Literature DB >> 26484082

Gene expression analysis of livers from female B6C3F1 mice exposed to carcinogenic and non-carcinogenic doses of furan, with or without bromodeoxyuridine (BrdU) treatment.

Anna Francina Webster¹, Andrew Williams², Leslie Recio³, Carole L Yauk².

Abstract

Standard methodology for identifying chemical carcinogens is both time-consuming and resource intensive. Researchers are actively investigating how new technologies can be used to identify chemical carcinogens in a more rapid and cost-effective manner. Here we performed a toxicogenomic case study of the liver carcinogen furan. Full study and mode of action details were previously published in the Journal of Toxicology and Applied Pharmacology. Female B6C3F1 mice were sub-chronically treated with two non-carcinogenic (1 and 2 mg/kg bw) and two carcinogenic (4 and 8 mg/kg bw) doses of furan for 21 days. Half of the mice in each dose group were also treated with 0.02% bromodeoxyuridine (BrdU) for five days prior to sacrifice [13]. Agilent gene expression microarrays were used to measure changes in liver gene and long non-coding RNA expression (published in Toxicological Sciences). Here we describe the experimental and quality control details for the microarray data. We also provide the R code used to analyze the raw data files, produce fold change and false discovery rate (FDR) adjusted p values for each gene, and construct hierarchical clustering between datasets.
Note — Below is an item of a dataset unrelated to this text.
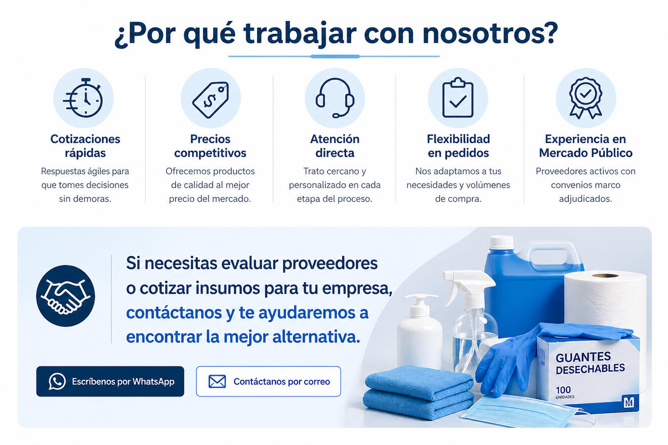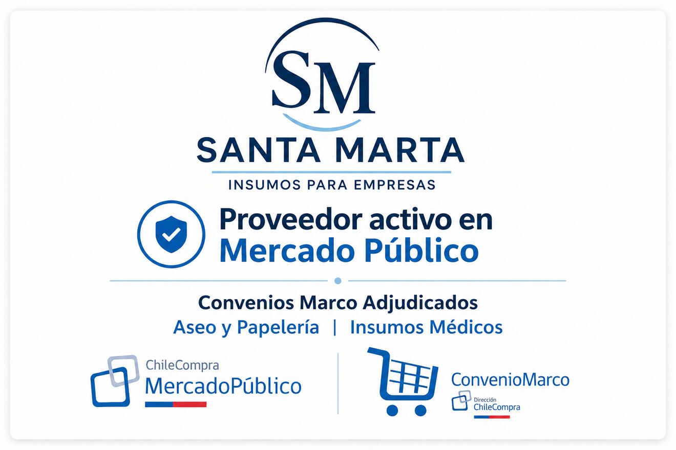 Trabajamos como proveedores en Mercado Público, contando con experiencia en procesos de compra institucional y cumplimiento de estándares exigidos por organismos públicos.Nuestra empresa cuenta con convenios marco adjudicados en las categorías de aseo y papelería, así como en insumos médicos, lo que respalda nuestra capacidad operativa y confiabilidad como proveedor.

Entities: Chemical Disease Gene Species

Keywords: Dose–response; Furan; Liver cancer; Microarray; Statistical analysis in R

Year: 2014 PMID： 26484082 PMCID： PMC4536026 DOI： 10.1016/j.gdata.2014.05.013

Source DB: PubMed Journal: Genom Data ISSN： 2213-5960

Direct link to deposited data

The complete dataset is available through the Gene Expression Omnibus. Non-BrdU dataset: http://www.ncbi.nlm.nih.gov/geo/query/acc.cgi?acc=GSE48644 BrdU dataset: http://www.ncbi.nlm.nih.gov/geo/query/acc.cgi?acc=GSE54078

Experimental design, materials and methods

Study design

5–6 week old female specific pathogen free B6C3F1 mice were purchased from Charles River Breeding Laboratories (Portage, ME) and were allowed to acclimatize for at least seven days prior to the start of the study. Feed (NIH-07; Zeigler Brothers, Inc., Gardners, PA) and tap water were available ad libitum up until the time of necropsy. Mice were housed five per cage in polycarbonate cages in a specific pathogen free (SPF) and Association for Assessment and Accreditation of Laboratory Animal Care (AAALAC) accredited facility. Female mice were dosed with furan (CAS no. 110-00-9) (> 99% pure) (Sigma-Aldrich Chemical Co., Milwaukee, WI) in Mazola corn oil at 0, 1, 2, 4, or 8 mg/kg bw per day by oral gavage for three weeks (n = 10 per dose groups). Upon necropsy, there remained n = 5 mice in each non-BrdU dose group. However, some mice were lost due to early (pre-BrdU treatment) mis-dosing or esophageal puncture, therefore the 0, 1, 2, 4, or 8 mg/kg bw + BrdU groups had n = 4, 5, 3, 4, or 5 mice, respectively. + BrdU mice were treated with 0.02% BrdU (Sigma Chemical Co., St. Louis, MO, USA) in drinking water for five days prior to sacrifice. Four hours after their final dosing, mice were anesthetized by carbon dioxide inhalation prior to euthanasia by exsanguination achieved by cutting the caudal vena cava after blood collection. One animal per group was killed and this continued until all mice had been sacrificed; this occurred over a period of 100 min (beginning at 1 pm). The left, median, right posterior and right anterior lobes of the liver were cut into 0.25–0.5 cm3 pieces that were either snap-frozen in liquid nitrogen and stored at or below − 70 °C or were formalin fixed and paraffin embedded.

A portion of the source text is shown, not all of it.